In the case of differentiating the expression x^3+y^3=6xy the right hand side becomes 6xy'+6y where y is regarded as a function of x.

using the product rule $\displaystyle f'g+g'f$

$\displaystyle f = 6x$

$\displaystyle g = y$

then

$\displaystyle (6x)' y + 6y'$

so I get $\displaystyle 6y+6y'$

which is wrong.

Why is the right hand side equal to $\displaystyle 6xy'+6y$?

I (think) I know the key is that y is a function of x but somehow its not clicking as to why the answer is as it is.
• Oct 16th 2012, 01:52 PM
TheEmptySet
Re: implicit differentiation
Quote:

Originally Posted by kingsolomonsgrave
I have a question about implicit differentiation.

In the case of differentiating the expression x^3+y^3=6xy the right hand side becomes 6xy'+6y where y is regarded as a function of x.

using the product rule $\displaystyle f'g+g'f$

$\displaystyle f = 6x$

$\displaystyle g = y$

then

$\displaystyle (6x)' y + 6y'$

so I get $\displaystyle 6y+6y'$

which is wrong.

Why is the right hand side equal to $\displaystyle 6xy'+6y$?

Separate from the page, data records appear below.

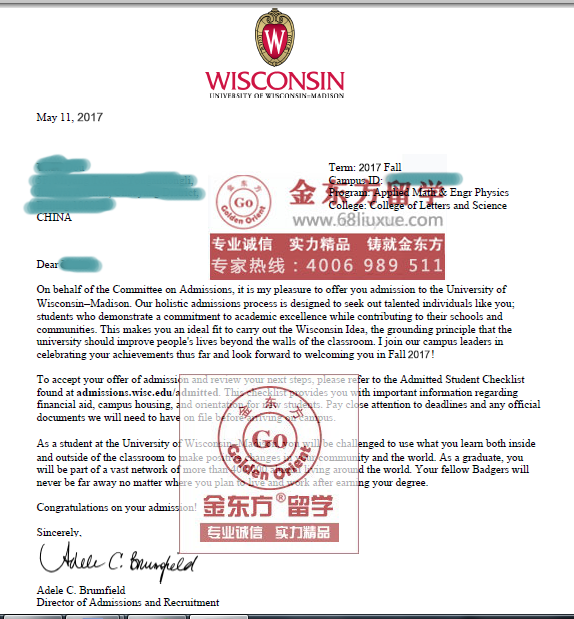 在递交了所有的申请材料后,苟同学于今天收到了威斯康星大学麦迪逊分校计算机科学专业本科的录取。
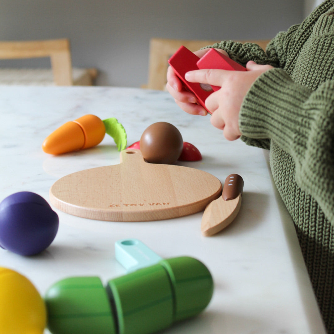 Chop, chop! Budding chefs will love preparing delicious meals with this delightful 18 piece chopping board set. This imaginative toy is sustainably made using FSC® - certified wood and makes a lovely addition to role play scenarios. Comprising a natural wooden chopping board, peeler, knife plus a selection of tasty looking fruit and veggies that can be ‘chopped up’ using the clever Velcro detailing. A great gift to encourage social skills, improve dexterity and hone fine motor skills.
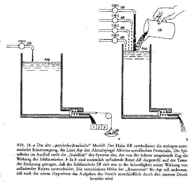 Nach dem Homöostatischen Prinzip (Tendenz zur Herstellung eines inneren Gleichgewichts; s. a. o.) läuft die Instinkthandlung entweder von alleine ab (s. u.), wenn der Druck zu groß wird (der Korken wird durch die Wassersäule herausgedrückt, wenn eine gewisse Zeit vergangen ist), oder sie wird durch einen Schlüsselreiz (s. u.) ausgelöst (der in der neueren Variante des Modells durch eine rasch eingeschüttete Kanne Wasser symbolisiert wird). Beides führt zu einer Spannungsreduktion. (Zu Jungs Sichtweise auf Instinkt und Bewusstsein s. o.; im Gegensatz zu Lorenz leugnete - s. hier - der chinesische Experimentalpsychologe Zing-Yang Kuo / 郭任遠, 1898-1970, als radikalster Vertreter der damaligen behaviouristischen Anti-Instinkt-Strömung in der Psychologie jedes angeborene bzw. ererbte Verhalten.)
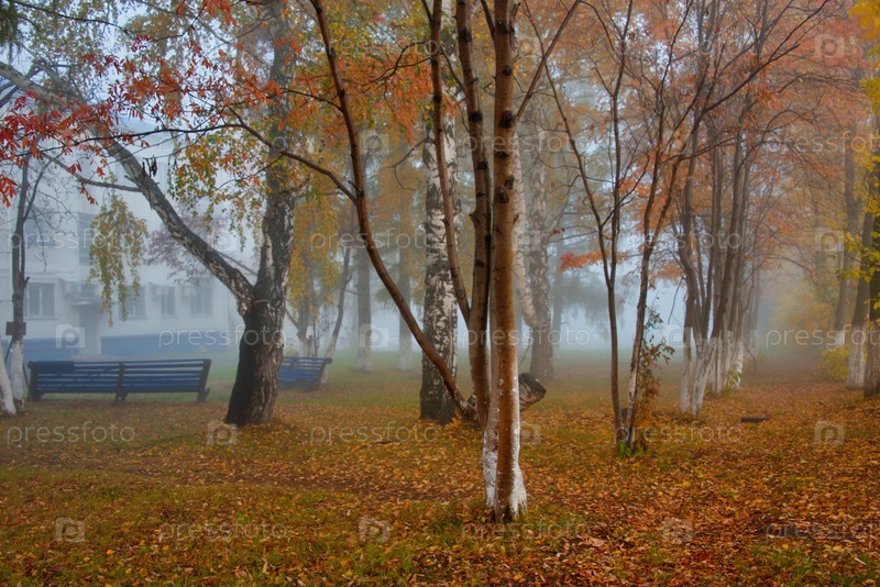 Россия. Юг Западной Сибири, Кемерово. Раннее туманное утро в городском парке

I (think) I know the key is that y is a function of x but somehow its not clicking as to why the answer is as it is.

You differentated f is both parts of your product rule

It should be

$\displaystyle f(x)=6x \implies f'(x)=6 \quad g(x)=y \implies g'(x)=y'$

So

$\displaystyle \frac{d}{dx}(fg)=f'g+fg'=6y+(6x)y'$
• Oct 17th 2012, 06:01 AM
kingsolomonsgrave
Re: implicit differentiation
thank you! I wrote my prof and he just wrote back - it should be 6y+6xy'

I was like....yes, we know this, it's in the text book....talk about not helpful.

This forum (and the helpful math experts that populate it) save my life.

thanks again